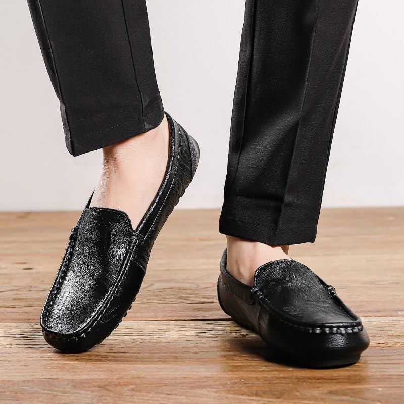 Men's Loafers Square Toe Faux Leather Moccasins Loafer Shoes Lightweight Flat Heel Flexible Wedding Slip-ons 6
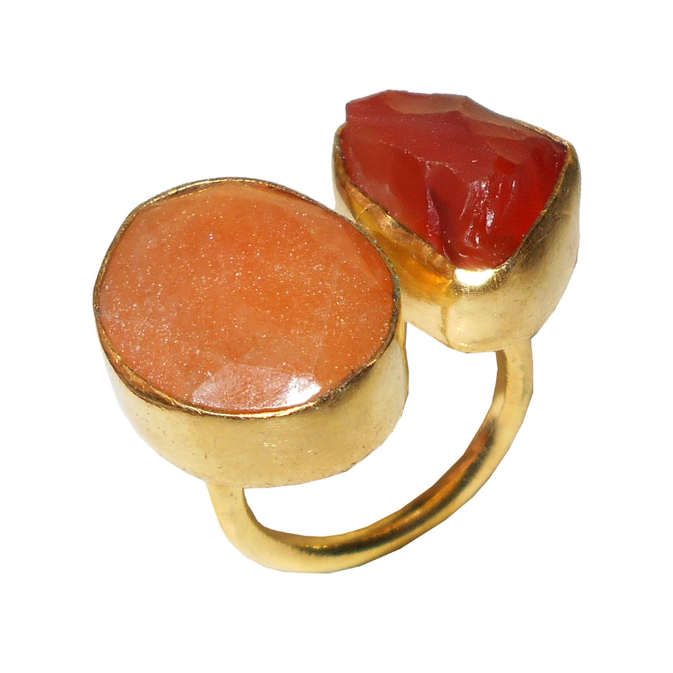 Bio Rutile, Carnelian G - RBR923- Semiprecious gems with gold Vermeil Brass Rings
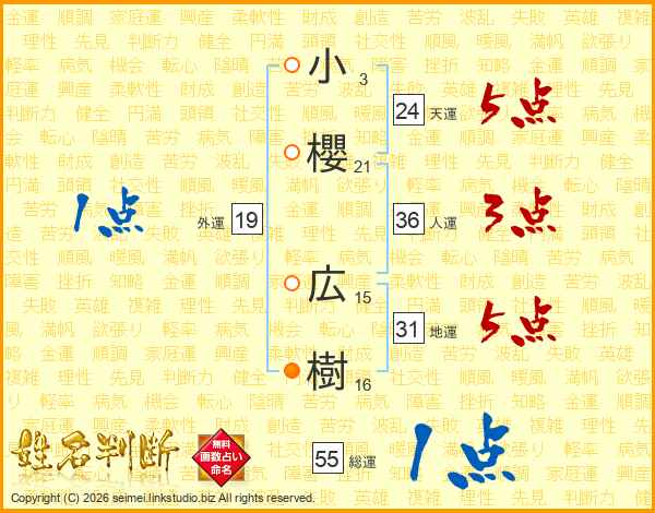 小(3画)櫻(21画) 広(15画)樹(16画)
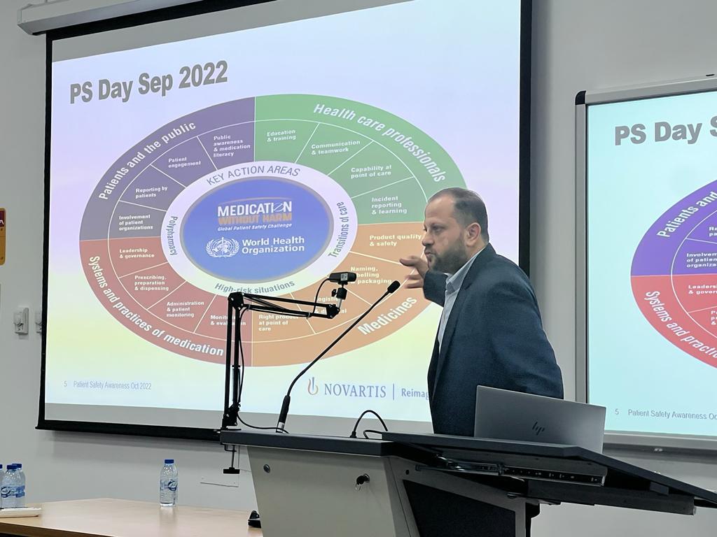 Dr. Nihal Ibrahim, the Head of the Events Committee of the College of Pharmacy and Health Sciences, welcomed the delegates from Novartis (Drs. Mohamed Ramadan, Ahmed Salah, Maria Abdou, and Wesam Dawwas) and introduced them to the audience. During the event, Dr. Mohamed Ramadan, the POP Governance Manager, presented “Patient safety practices in Novartis” to the students and emphasized the importance of pharmacovigilance on marketed medicinal products by the company and introduced the various processes in place to ensure patient safety. He also listed the emerging scope of pharmacists in pharmacovigilance and highlighted various pharmacovigilance-related topics such as signal detection methods in pharmacovigilance and the critical role of Pharmacists in identification and reporting of Adverse Events , adverse drug reaction reporting procedures followed by Novartis, etc. During the presentation, Dr. Ramadan also introduced ‘Adverse Events with medical devices’ which is one of the most common un-identified Adverse Events.
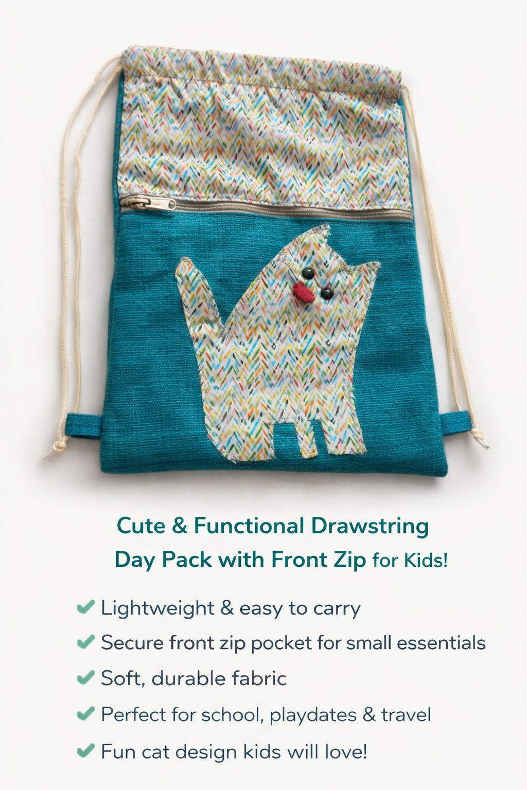 A lightweight and eco-friendly drawstring backpack made with unlaminated jute and cotton fabric. Designed with a secure front zipper pocket and an adorable cat applique, this day pack is perfect for school, playdates, travel, and daily outings.

____________

Instructions to follow> For this exercise, transcribe exactly the part of the records above that opens with the line containing "Bio Rutile, Carnelian" and closes with the one containing "小(3画)櫻(21画) 広(15画)樹(16画)". Pictures are not part of the copy.

Written answer>
 Bio Rutile, Carnelian G - RBR923- Semiprecious gems with gold Vermeil Brass Rings
 小(3画)櫻(21画) 広(15画)樹(16画)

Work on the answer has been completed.